§ **Try it**
Your output should be the lines below from the one with "9月30日,宁夏吴忠市红寺堡区马渠生态移民安置区的农民在晾晒萝卜。新华社记者 冯开华 摄" through the one with "Celtic Cross with", copied exactly, pictures excluded.

§ **Source information**
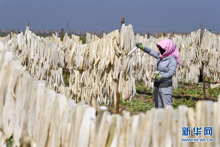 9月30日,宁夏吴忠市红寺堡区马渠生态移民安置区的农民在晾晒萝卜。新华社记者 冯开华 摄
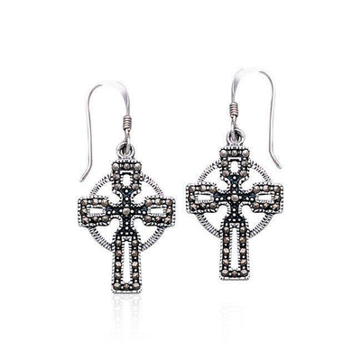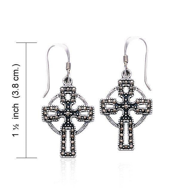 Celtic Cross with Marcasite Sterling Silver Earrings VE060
--
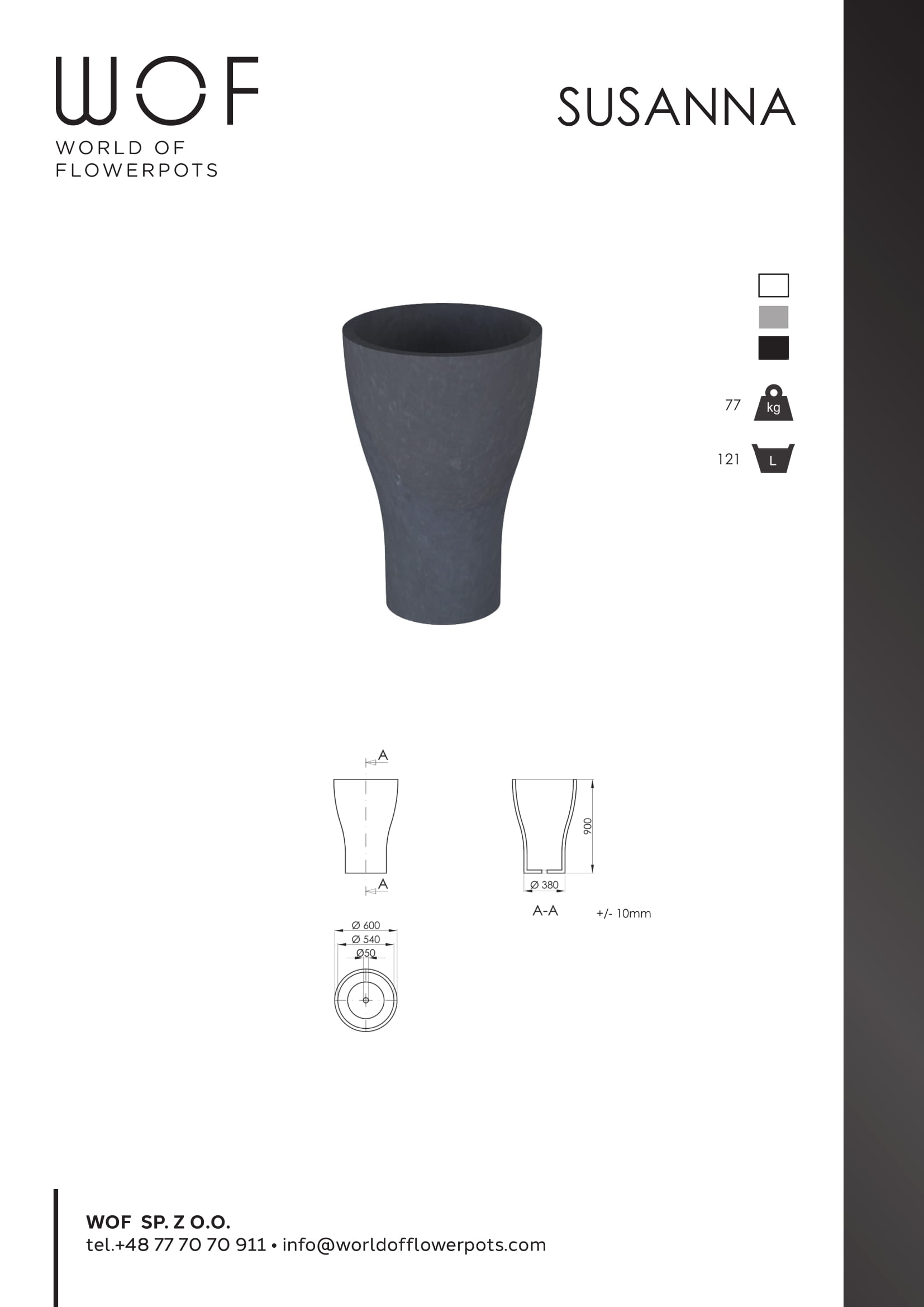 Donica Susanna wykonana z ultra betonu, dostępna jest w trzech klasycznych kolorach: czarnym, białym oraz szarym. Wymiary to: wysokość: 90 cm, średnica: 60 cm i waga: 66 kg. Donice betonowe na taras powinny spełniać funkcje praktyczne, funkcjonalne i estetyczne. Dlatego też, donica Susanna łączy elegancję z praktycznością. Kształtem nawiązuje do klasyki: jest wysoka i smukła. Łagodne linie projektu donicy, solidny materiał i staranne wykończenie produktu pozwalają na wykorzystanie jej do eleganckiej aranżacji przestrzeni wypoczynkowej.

§ **Written reply**
 9月30日,宁夏吴忠市红寺堡区马渠生态移民安置区的农民在晾晒萝卜。新华社记者 冯开华 摄
 Celtic Cross with Marcasite Sterling Silver Earrings VE060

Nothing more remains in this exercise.